START Data to examine

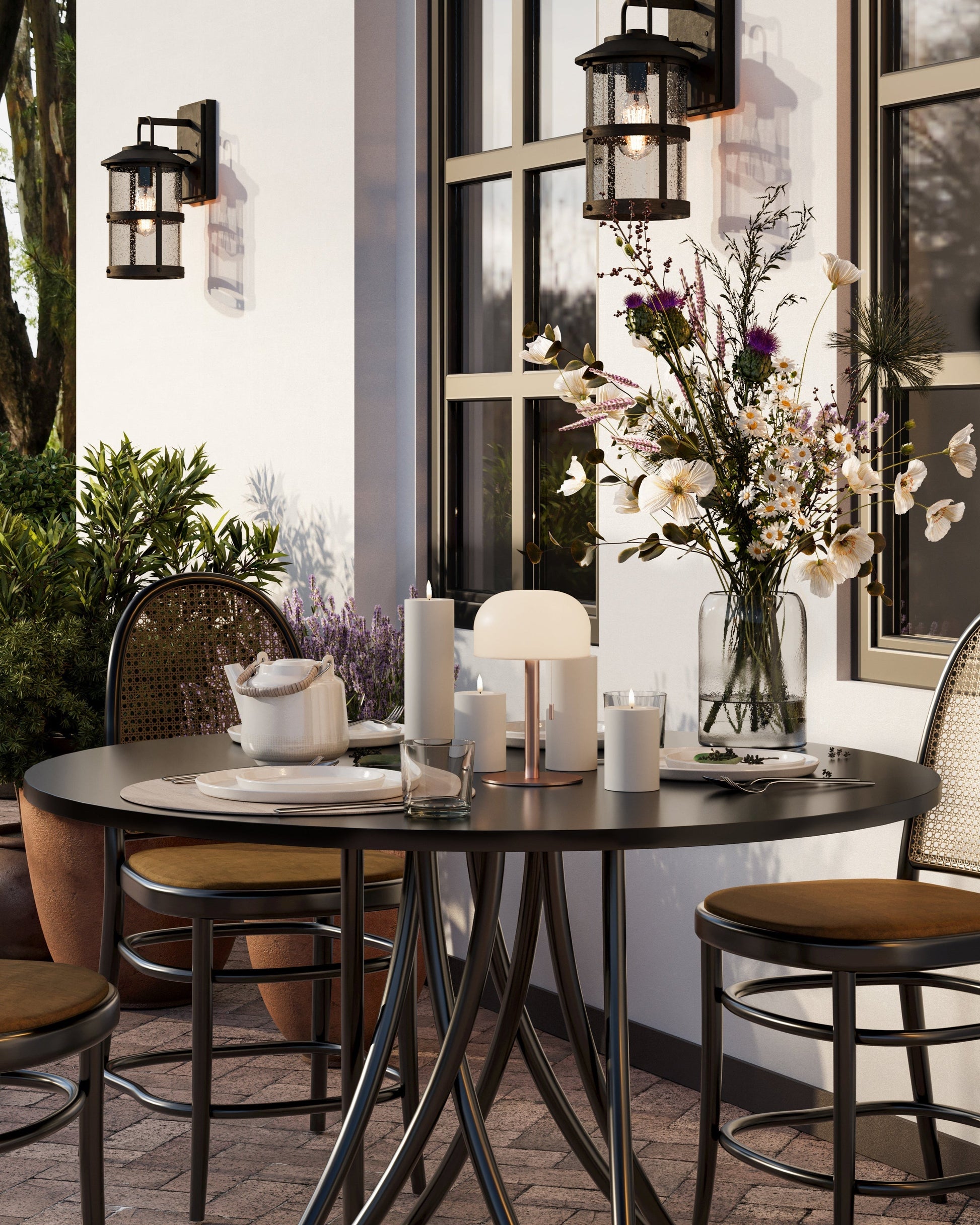 Med sin IP44 -certifiering är lampan också lämplig för utomhusbruk, så att du kan njuta av stämningsfullt ljus på balkongen, i trädgården eller under den öppna himlen.
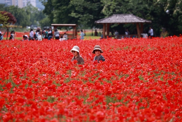 초여름 더위를 보인 15일 경남 함양군 상림공원에서 양귀비꽃이 활짝피어 관광객들을 유혹하고 있다. (사진=함양군 제공)
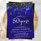 Convide amigos e família para a sua festa de aniversário com estes elegantes convites de aniversário azuis e negros brilhando 50º e suprimentos de festas. Este elegante convite de aniversário chic apresenta 'Saúde a 50 Anos', personalize anos por 30, 40, 60, 70, 80, 90 ou qualquer idade. Este design azul e preto é perfeito para eventos temáticos da polícia, festa da polícia e polícias, assim como celebrações corporativas e comerciais. Veja nossa coleção para combinar favores, suprimentos e presentes de festa de aniversário. COPYRIGHT © 2020 Judy Burrows, Black Dog Art - Todos Os Direitos Reservados. Elegante Blue Black Glitter Drips 50 Convite de aniversário
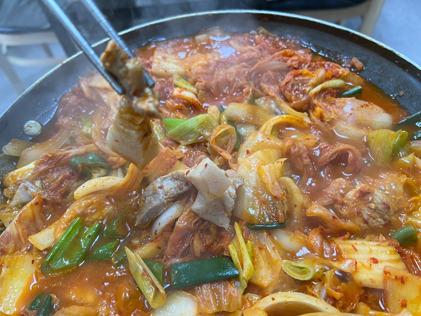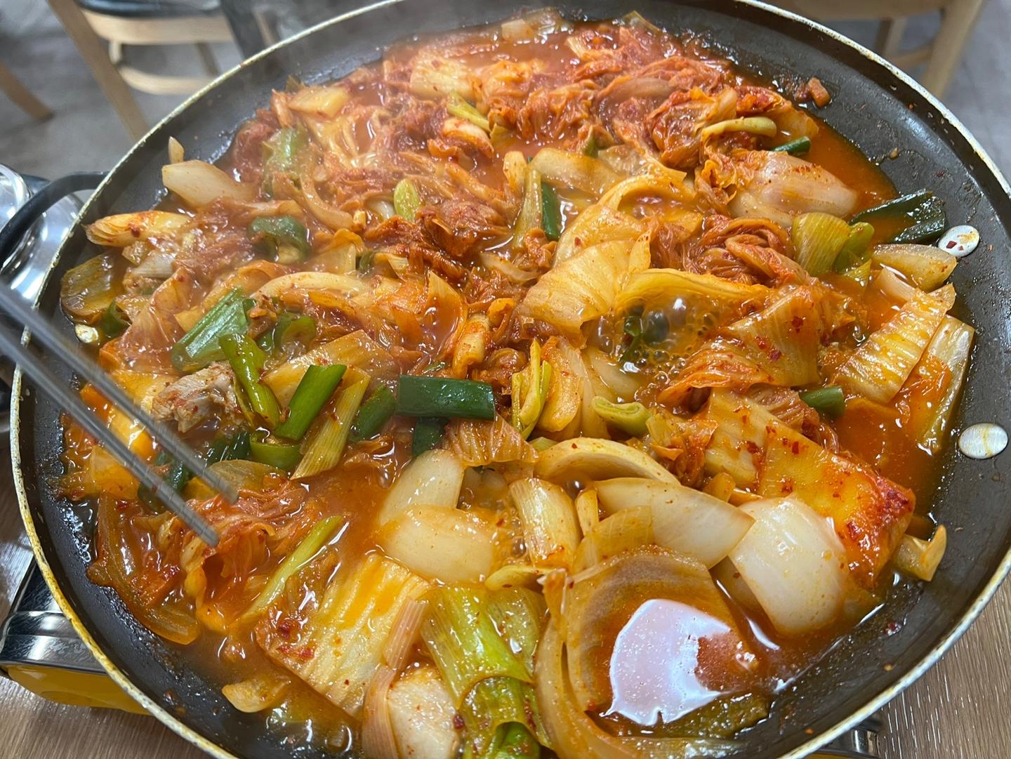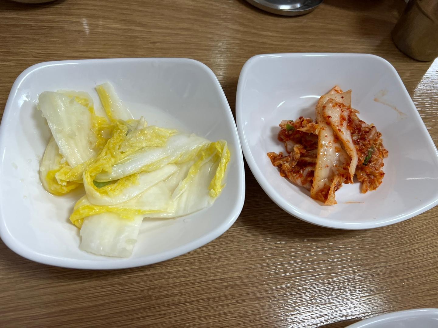 메뉴가 김치가 메인인데 밑반찬도 김치 두 종류가 나와서 사실 당황은 좀 했습니다. 풀이라도 좀 주면 좋았을 텐데 했지만 먹어보니 다른 밑반찬은 필요 없었고 김치두루치기에 밥만 있으면 딱 좋았으며 백김치가 너무 맛있어서 몇 번을 리필했는지 모르겠습니다.
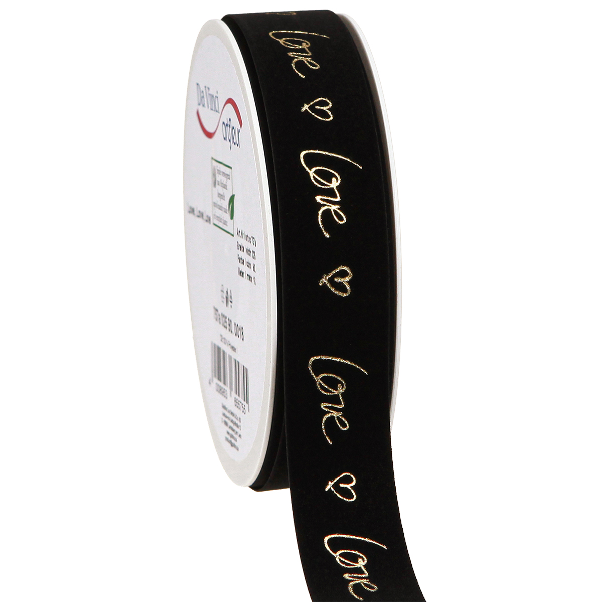Velvet nauha Love surunauha sydämet musta kulta 25mm 18m

END Data to examine

* Instructions for the task
Only the lines from the one containing "메뉴가 김치가 메인인데" through the final line of the records should be transcribed, exactly and with no pictures.

* Completed exercise
 메뉴가 김치가 메인인데 밑반찬도 김치 두 종류가 나와서 사실 당황은 좀 했습니다. 풀이라도 좀 주면 좋았을 텐데 했지만 먹어보니 다른 밑반찬은 필요 없었고 김치두루치기에 밥만 있으면 딱 좋았으며 백김치가 너무 맛있어서 몇 번을 리필했는지 모르겠습니다.
Velvet nauha Love surunauha sydämet musta kulta 25mm 18m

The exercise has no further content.